Omit all pictures. Reproduce exactly the lines from the first line of the records below through the line with "Um eine vertikale".
═══ Material supplied
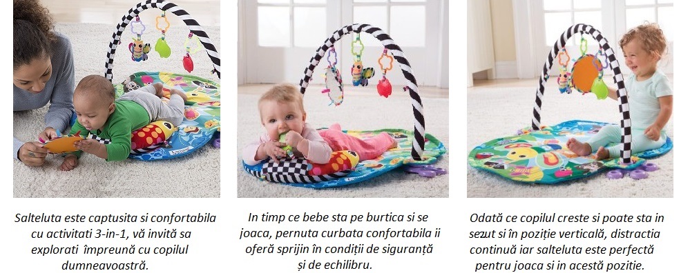 Salteluta Freddie Licuriciul este un centru de activitati 3 in 1, care oferă trei poziții diferite de joaca, pentru trei etape de dezvoltare.
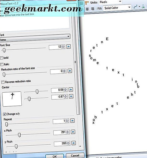 Um eine vertikale Welle hinzuzufügen, klicken Sie auf das Kontrollkästchen x / y ändern . Dann wird der Text vertikal sein und die Seite wie unten gezeigt durchlaufen. Sie können die Textposition mit den Center-Balken genauso anpassen wie im Circle Tool .
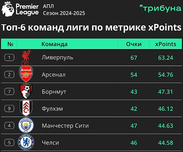 Даже если не учитывать лишние матчи в запасе у всех команд из списка, кроме «Ливерпуля» (сыграли 28 матчей против 27 у остальных) – все равно преимущество в 10 очков над вторым местом выглядит очень внушительным. «Арсенал» прочно удерживает вторую строчку в таблице, для борьбы с «Ливерпулем» не хватает стабильности и более качественной игры в нападении. За третье место будет настоящая борьба: помимо четырех команд из списка на топ-3 чемпионата претендует так же «Ноттингем Форест», который набрал на 9 очков больше, чем должен был по xPoints, а также «Ньюкасл Юнайтед», «Брайтон» и «Астон Вилла». Невероятно серьезная борьба за попадание в зону ЛЧ нас ждет в концовке чемпионата!
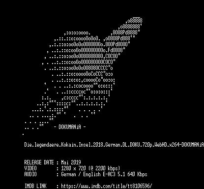 | FiLENAME: | Die.legendaere.Kokain.Insel.2018.German.DL.DOKU.720p.WebHD.x264-DOKUMANiA.mkv |
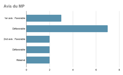 En matière d’adoption, l’avis du ministère public n’est favorable que lorsque la demande vise une adoption simple. Pour toutes celles en adoption plénière, il est défavorable. Le parquet estime que les pièces produites ne permettent pas de vérifier si les conditions imposées par la loi française sont réunies. À la suite de cet avis, les parties tentent de répondre aux griefs formulés par le parquet, soit en produisant des pièces complémentaires, soit en formulant des explications pour éclairer la juridiction sur l’absence de certaines pièces lors de l’audience. Au regard de ces nouveaux éléments, le ministère public émet un second avis lors de cette même audience. Celui-ci est favorable au prononcé de l’adoption plénière dans un tiers des cas, défavorable dans un autre tiers des situations, réservé dans le dernier tiers des affaires.
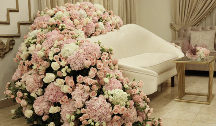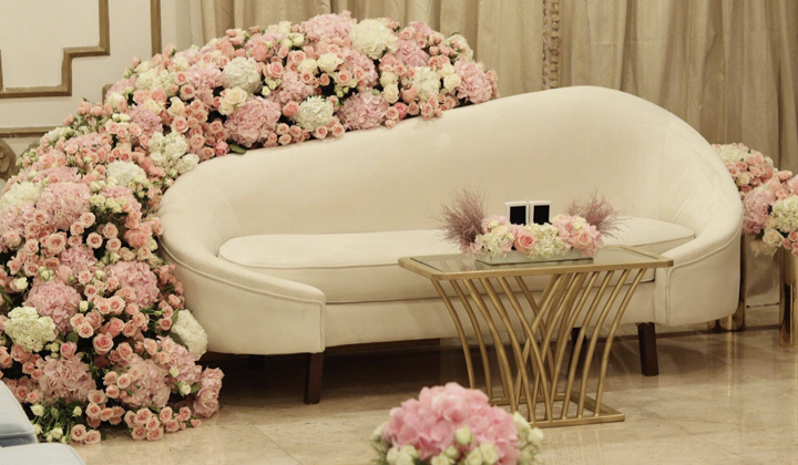 • تنسيق مكان جلوس العروس بأرقى أنواع الورد الطبيعي (خلف الصوفا) ويمكنكم اختيار اللون الذي يناسب ذائقتكم وذلك بعد دفع العربون .
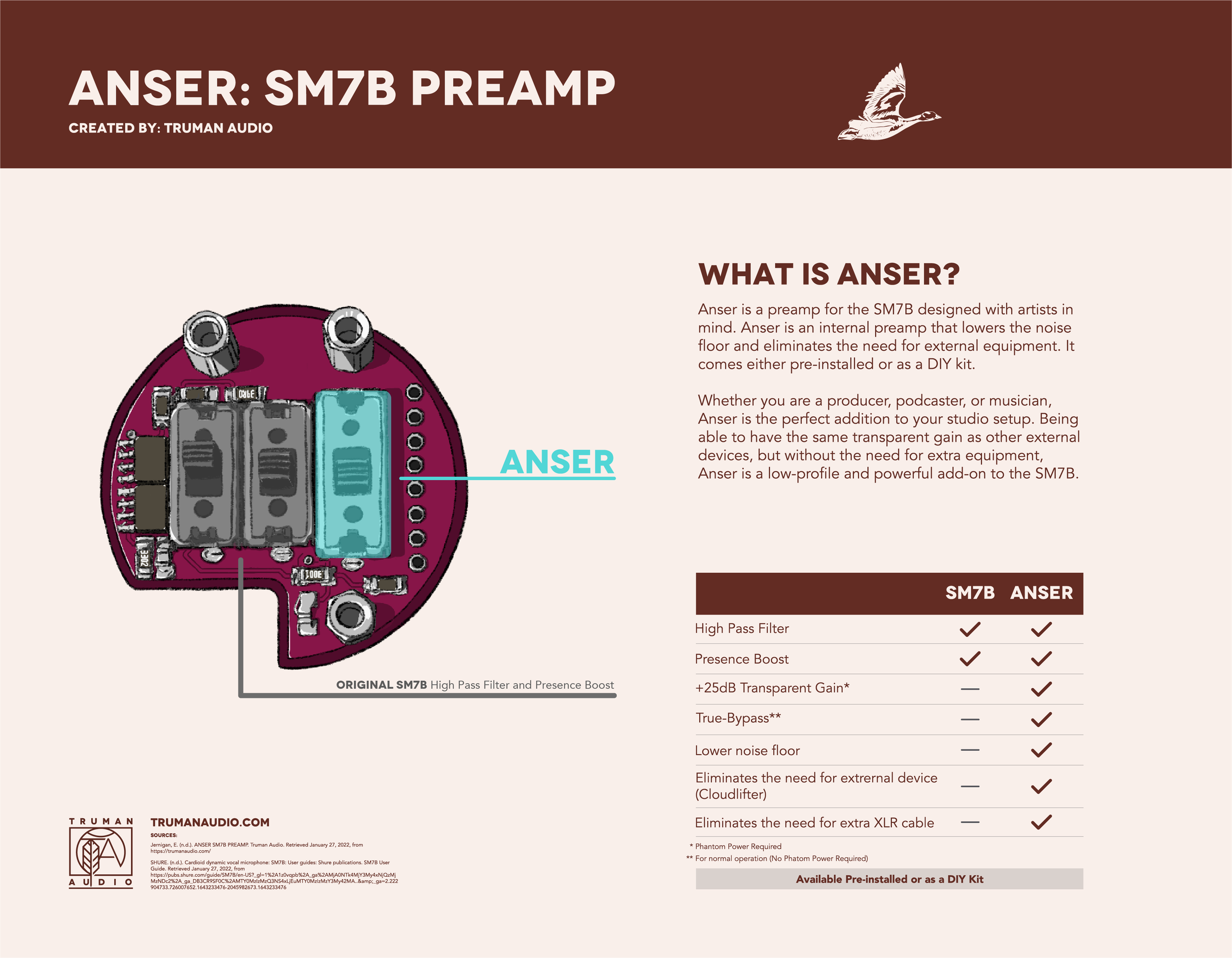 Anser is a preamp for the SM7B designed with artists in mind. Anser is an internal preamp that lowers the noise floor and eliminates the need for external equipment. It comes either pre-installed or as a DIY kit.
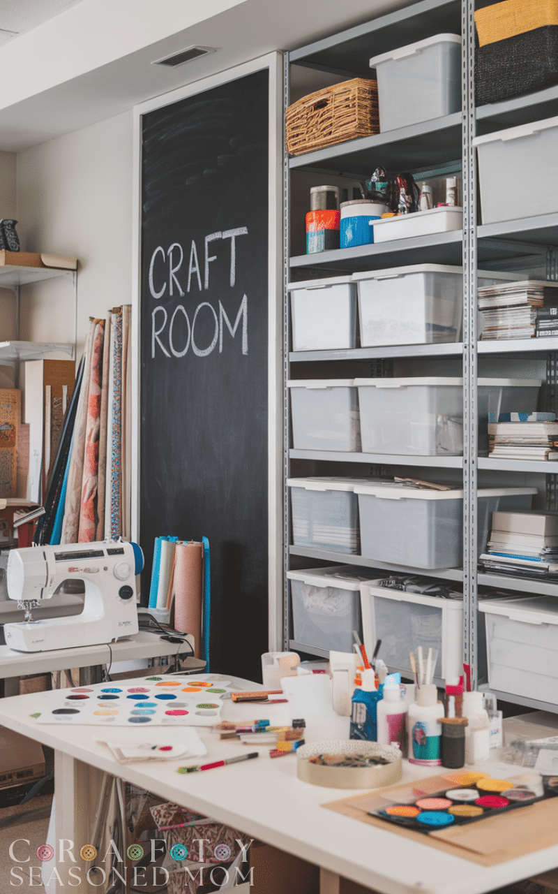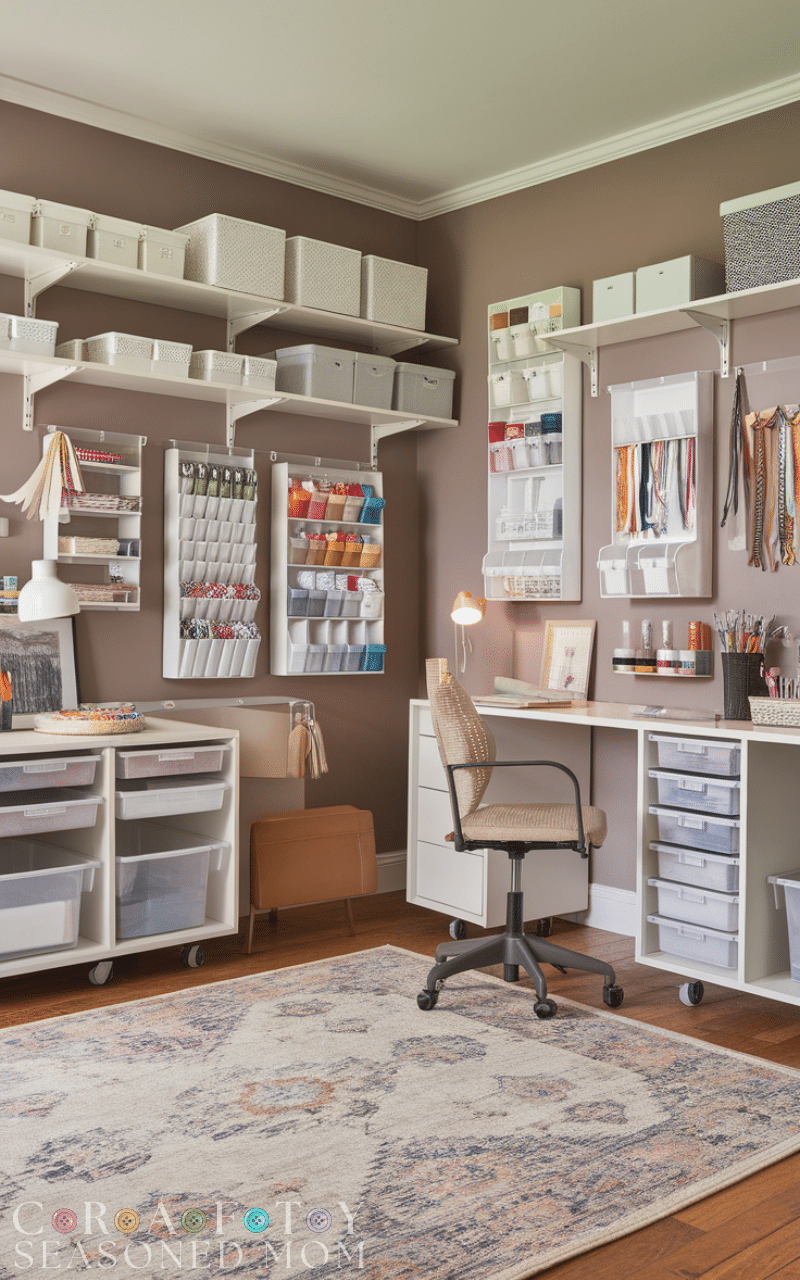 You can improve your Craft Room Layout by using dark dressers and matching fabric boxes to hide the visual noise. A smart Craft Room Layout keeps only the sewing machine and essential tools out while tucking the rest away safely.
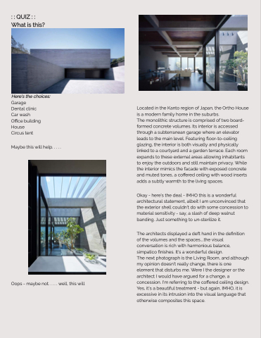 Okay - here's the deal - IMHO this is a wonderful architectural statement, albeit I am unconvinced that the exterior shell couldn't do with some concession to material sensitivity - say, a slash of deep walnut banding. Just something to un-sterilize it.
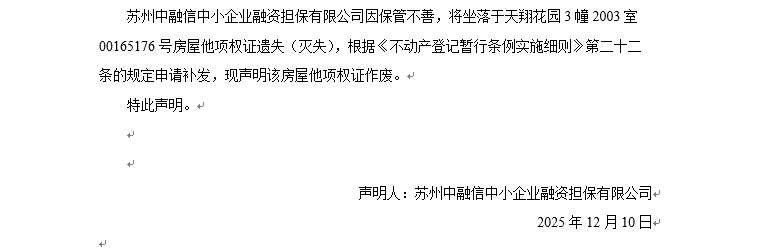 關于天翔花園3幢2003室00165176號房屋他項權證遺失聲明
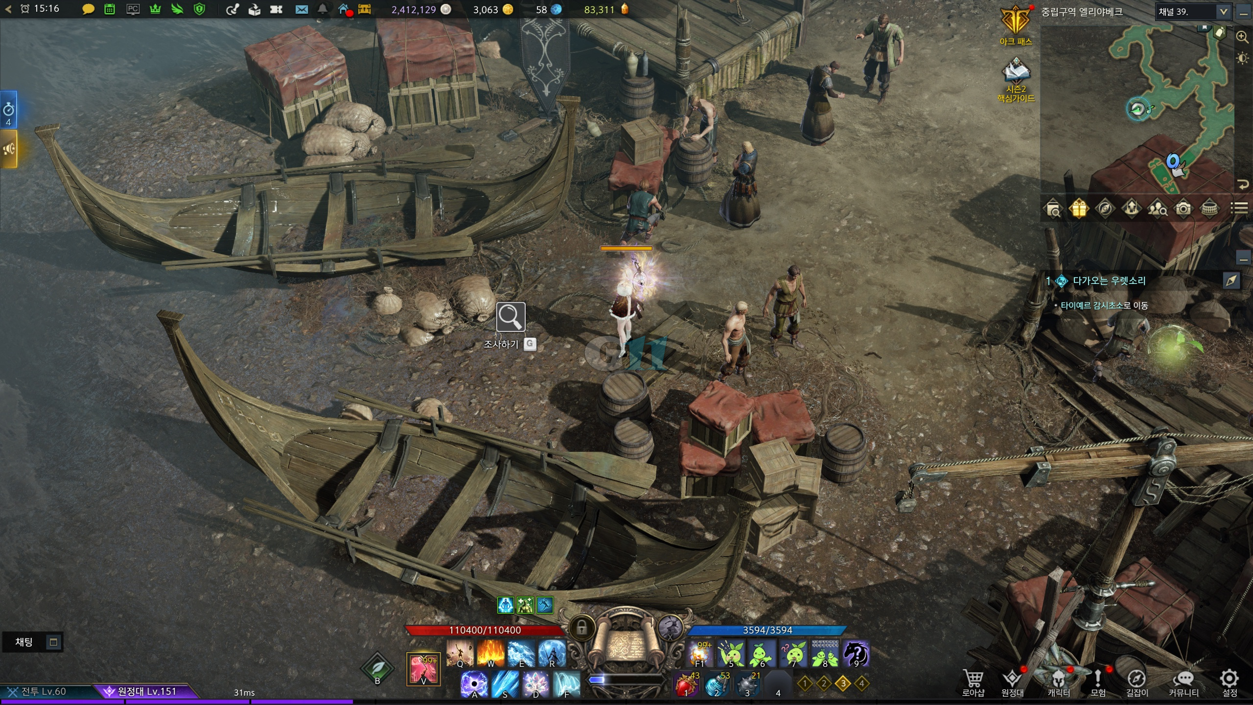어금니의 강 지역에서 중립구역 엘리야베크 스퀘어 홀을 이용해 이동합니다. 해당 위치는 지도에서 대항해 글씨 바로 위 위치입니다.
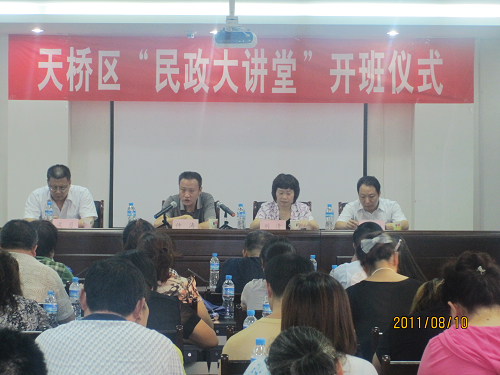 為認(rèn)真貫徹胡錦濤總書記在慶祝建黨90周年大會上的講話精神和中央、省、市關(guān)于加強(qiáng)和創(chuàng)新社會管理的戰(zhàn)略部署,進(jìn)一步推動“深入基層、服務(wù)群眾”活動扎實(shí)有效開展,探索建立區(qū)、街、居三級“一站式、全員化”民政服務(wù)新模式,天橋區(qū)民政局決定自8月初起到10月底,在全區(qū)民政系統(tǒng)開展“民政大講堂”系列學(xué)習(xí)活動,主要圍繞全區(qū)基層政權(quán)與社區(qū)建設(shè)、社會事務(wù)、救災(zāi)救濟(jì)、雙擁工作、優(yōu)撫工作、婚姻登記、黨風(fēng)廉政建設(shè)等各項(xiàng)民政重點(diǎn)工作,推行全區(qū)綜合民政事務(wù)“一站式、全員化”服務(wù)新模式。
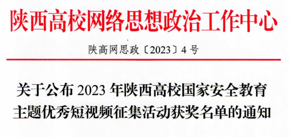 近日,由陕西高校网络思想政治工作中心主办的“2023年陕西高校国家安全教育主题优秀短视频征集活动”结果揭晓,Beat365易班发展中心推荐的学生原创短视频作品,荣获三等奖三部(团队)、优秀奖两部(团队)。
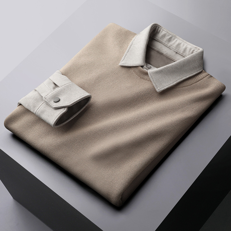 가벼운 비즈니스 남성용 가짜 투피스 스웨터 가을과 겨울 2023 따뜻한 셔츠 칼라 스웨터 트렌드 캐주얼 탑 1688
══════
Answer space:
 Salteluta Freddie Licuriciul este un centru de activitati 3 in 1, care oferă trei poziții diferite de joaca, pentru trei etape de dezvoltare.
 Um eine vertikale Welle hinzuzufügen, klicken Sie auf das Kontrollkästchen x / y ändern . Dann wird der Text vertikal sein und die Seite wie unten gezeigt durchlaufen. Sie können die Textposition mit den Center-Balken genauso anpassen wie im Circle Tool .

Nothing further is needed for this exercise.